Synthesis of an Emulsion Containing the Compound of Example 2

(123) 3 g of Miglyol® and 180 mg of the compound of Example 2 are dissolved in a chloroform/methanol mixture (90/10). This represents a content of 6% by mass of total surfactants relative to the mass of oil used. This mixture is treated on a rotary evaporator in order to remove the solvents. A perfectly homogeneous oily phase is obtained. 27 ml of water containing 2.5 m/m % of glycerol are added and then pre-emulsified using an Ultra-Turrax homogenizer. The pre-emulsion is then finished in a microfluidizer (Microfluidics M-110-S) by recycling for 3 to 4 minutes, which corresponds to about 25 passes in the cell.

(124) The mass content of total surfactants relative to the final solution is 0.6% (0.18/30.18). The pH is monitored and then adjusted to =7. The emulsion is filtered through a 0.45μ membrane. Gentallin is added at a rate of 7 μl/100 ml in order to ensure conservation.

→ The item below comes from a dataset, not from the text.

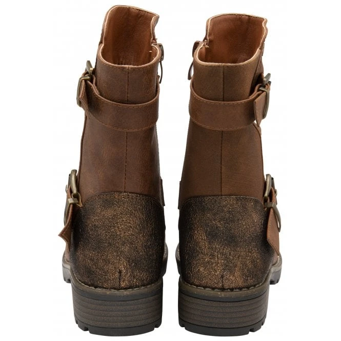 Imbue everyday looks with a fashionable edge with the Lotus Jamila boot. This women’s tan boot sits just above the ankle and is finished with subtle ruche detailing, decorative buckles, a cleated sole and a slight 3.5cm heel. This faux leather ladies’ tan boot has biker boot vibes and will certainly update any casual capsule wardrobe.

(125) The hydrodynamic diameter (Zetasizer from Malvern) of the emulsion obtained is 160 nm.

EXAMPLE 14

Synthesis of an Emulsion Containing the Compound of Example 3 and PEG-5000 (Emulsion Containing 20% Oil)

(126) 10 g of Miglyol®, 420 mg of Lipoid S75 (Lipoid GmbH), 30 mg of DSPE-PEG-5000 (Lipoid) and 150 mg of the compound of Example 3 are dissolved in a chloroform/methanol mixture (90/10). This represents a content of 6% by mass of total surfactants relative to the mass of oil used.

(127) This mixture is treated on a rotary evaporator in order to remove the solvents. A perfectly homogeneous oily phase is obtained.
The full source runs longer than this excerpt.